Redcorp Empreedimentos Mineiros Lda.: Your company owns 100% of TH Crestgate ("THC"). which owns 75% of Redcorp Empreedimentos Mineiros Lda. Redcorp is a Portuguese company whose main asset is the Lagoa Salgada Project. In June 2018, THC entered into a sale and earn-in agreement with a Canadian listed company, Ascendant Resources. The sale of 25% of Redcorp to Ascendant was completed for cash and shares valued at US$2,600,000. Thereafter, Ascendant can earn into 80% ownership by completing US$9,000,000 of exploration work on the project. Additionally, Ascendant must make payments totalling US$6,000,000 to THC, of which $500,000 has been received, and an additional payment of US$500,000 is expected on 22 December 2019. The project has been advanced from approximately 9.67Mt with Zinc Equivalent grade of 6.7%, when Ascendant became the operator of the project, to approximately 23Mt currently. A Preliminary Economic Assessment (PEA) technical study should be completed before the end of the calendar year.

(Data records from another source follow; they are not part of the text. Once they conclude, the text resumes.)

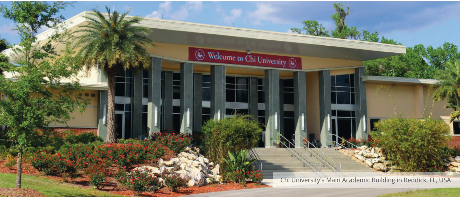
Chi University's Main Academic Building in Reddick, FL, USA
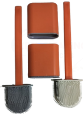
SILICON TOILET BRUSH
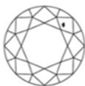
VVS1 / VVS2 Very Very Slightly Included
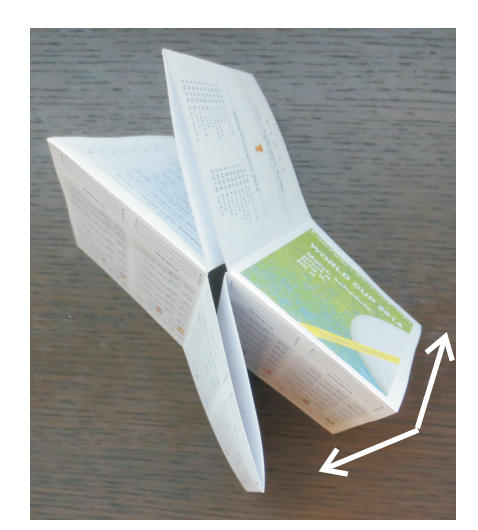
6. Now fold in the middle.
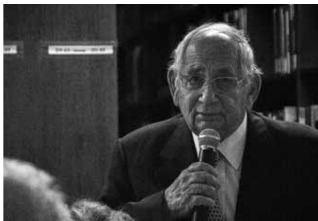
H.R.H. Prince Raad Bin Zeid gives remarks at the January 10 dinner.

In the first half of 2018, ACOR held two celebratory events in Amman to mark the occasion of our 50 th Anniversary with many of our supporters and friends. On January 10, we held an intimate dinner in the ACOR Library, during which we celebrated H.R.H. Prince Raad Bin Zeid on the occasion of his retirement from the ACOR Board after more than 30 years. H.R.H. Prince Raad remains a valued friend of ACOR, and over the decades of his patronage he has witnessed our institution grow and change to become what we are today.
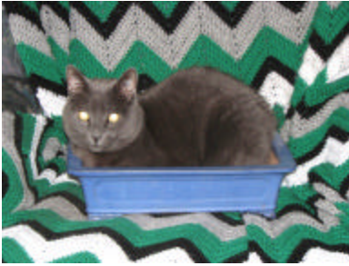
Bonsai Cat in Pot
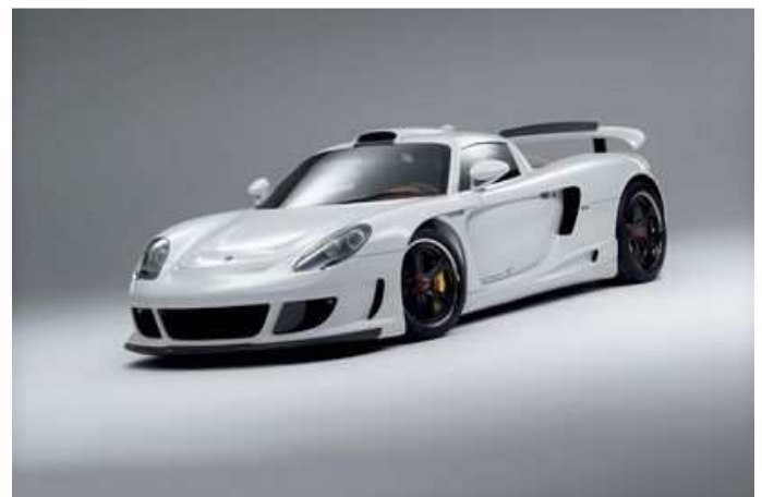
Not your daddy's Carrera GT

Cap Energy: Cap's management has succeeded in acquiring its operating partner's interest in the Djiféré Block offshore Senegal, and now has 90% of the project. The Djiféré Block is in shallow waters and is adjacent to Cairn Energy's Sangomar and Rufisque blocks. The two blocks offshore Guinea-Bissau are "Block 1" and "Block 5B". We believe that Cap would benefit from also buying out its operating partner in those projects. If successful Cap would hold 76% of Block 1 and 85.5% of Block 5B. The gem in Cap Energy's portfolio is "Block 5B"- It is in deep water, but the 3D seismic analysis suggests that it is structurally analoguous to the neighbouring SNE oil field which was the largest oil discovery in 2014 and are now in production. These are potentially enormous projects which should attract many potential partners with the financial strength to advance the projects more quickly. We expect that this will begin to bear fruit over the next year. Subsequent to YE, CAP completed a financing at 200p, higher than our carrying value.
Ascendant Resources: The Group has acquired a nearly 2.91% shareholding in Ascendant Resources, a Toronto Stock Exchange listed producer of zinc. Ascendant's main asset is the El Mochito mine in Honduras. The shares of Ascendant have performed poorly in the past reporting period. Ascendant has achieved important operational progress by reducing its operating costs, increasing its resource base at El Mochito and advancing the Lagoa Salgada Project. This progress has been overshadowed by the weakness in the zinc price, the rise in tolling charges by refiners and the fact that it is a producer with costs in the 3rd quartile. We increased our holding in the Company during the period. We continue to maintain our positive outlook for zinc prices and believe that Ascendant's higher leverage to an improvement in the price of zinc should have a disproportionate impact on its share price.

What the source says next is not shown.